[REBOL] Re: Sort by first part of line
From: joel:neely:fedex at: 6-Sep-2002 18:29
Hi, Louis, and everybody,
I've been covered up, so I may have missed something, but here's my
suggestion for a different approach (forgive me if somebody has
mentioned this already or if I've misunderstood the problem!)
Louis A. Turk
wrote:
> Anyway, here is the data to be sorted if perchance it might be
> useful for timing purposes (691KB):
>
> http://www.pusatberita.com/test.txt
>
After glancing at your data, I decided to try a version that just
eliminates the sorting entirely. Let me restate the problem in
that fashion.

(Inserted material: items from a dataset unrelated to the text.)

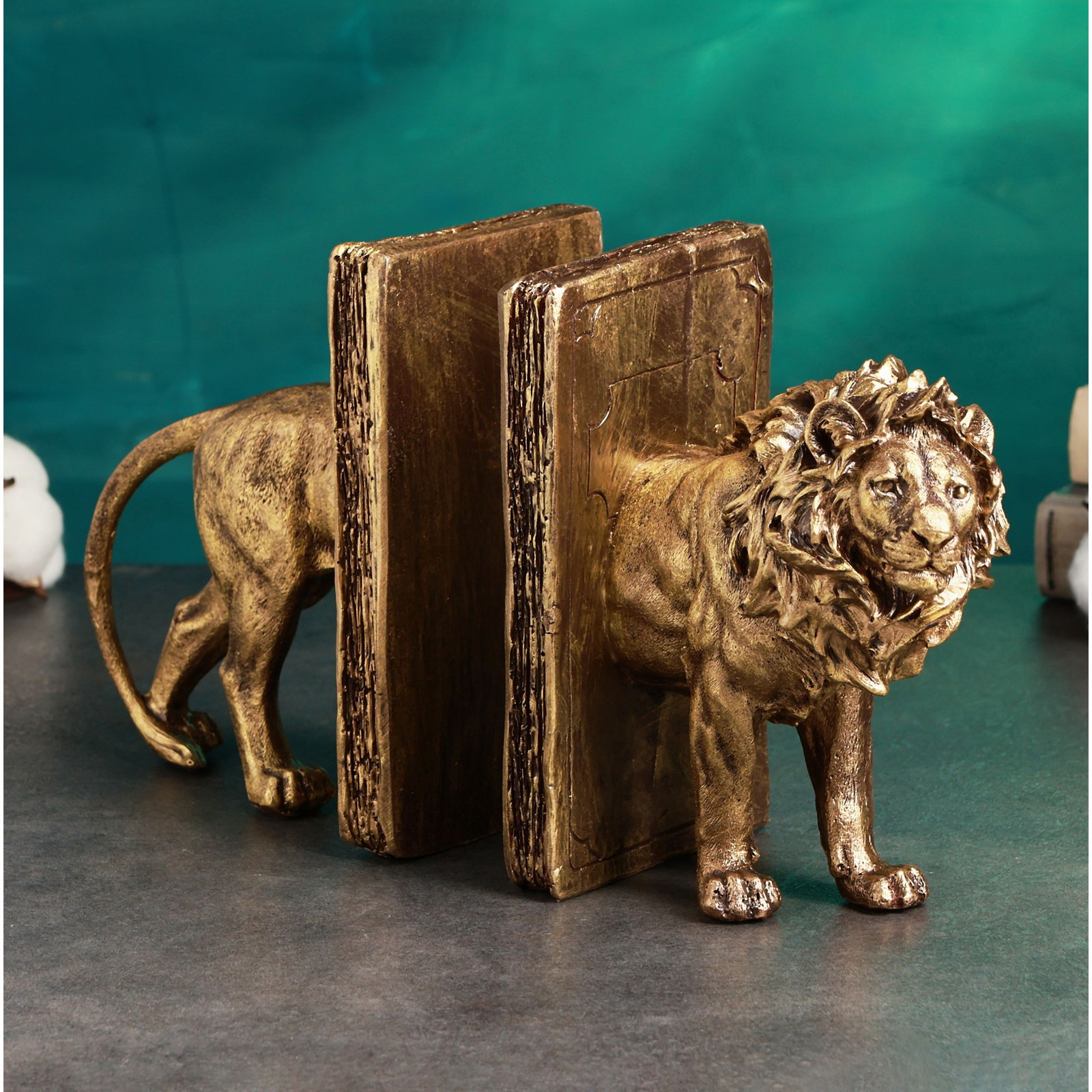 Держатель - подставка для книг "Лев", набор 2 шт., под бронзу, 19.5x33 см, Хорошие сувениры, Россия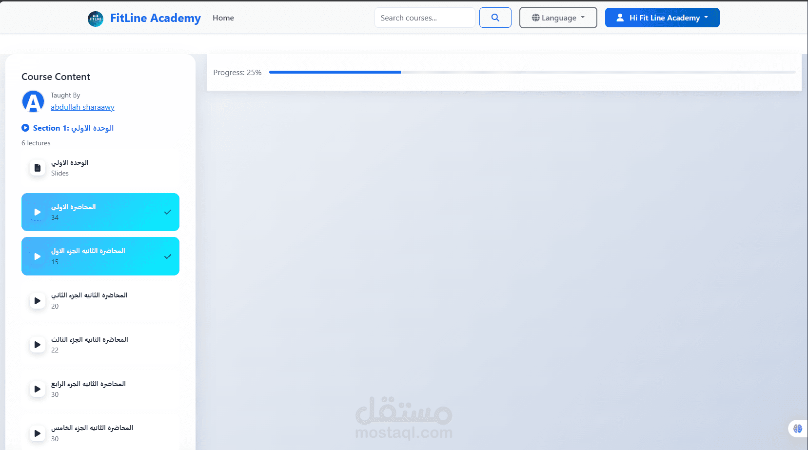 منصة تدريبية متخصصة في مجال كمال الأجسام، تهدف إلى تأهيل مدربين متخصصين ومعتمدين في تدريب رياضيي كمال الأجسام. تتميز المنصة بنظام إدارة محتوى متكامل يتيح للمشرف (الـ Admin) التحكم الكلي في الكورسات المتاحة (إضافة، حذف، تعديل). يتضمن كل كورس تفاصيله الكاملة من: السعر، المحاضرات، الاختبارات، والمواد الإثرائية (الشرائح/Slides). كما يوفر النظام خاصية متابعة دقيقة لتقدم الأعضاء في كل دورة، وهي شرط أساسي لمنح شهادة معتمدة عند إتمام الكورس بنجاح.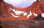 Campsite near the base of the Suicide Peaks, at Rabbit Lake, Chugach State Park, Anchorage

We have:
- a file of text lines, each of which contains:
- a single space
- a three digit number (with zero padding on the left)
- a single space
- some words
and we desire
- the lines rearranged by the leading number, but otherwise in
the same order as the original data.
Since there are relatively few three-digit integers, I thought I'd
try setting up a collection of blocks, so that block 1 will hold
all lines beginning with 001, block 2 will hold all lines beginning
with 002, etc. Here's the code, including timers...
8<--------
REBOL []
buffer: []
t0: now/time/precise
foreach item read/lines %pusatberita.text [
nr: to-integer copy/part next item 3
while [
nr > length? buffer
][
insert/only tail buffer copy []
]
append buffer/:nr item
]
t1: now/time/precise
print to-decimal t1 - t0
8<--------
When I run the above on my desk at work, using a downloaded copy
of your data, it takes about one second. To iterate through the
data lines in the desired order, we can do something like
foreach group buffer [
foreach line group [
print line ;; or whatever you wish to do with it
]
]
Someone who's already been benchmarking might try comparing this
with what's already been proposed, using the data from your web
site.
-jn-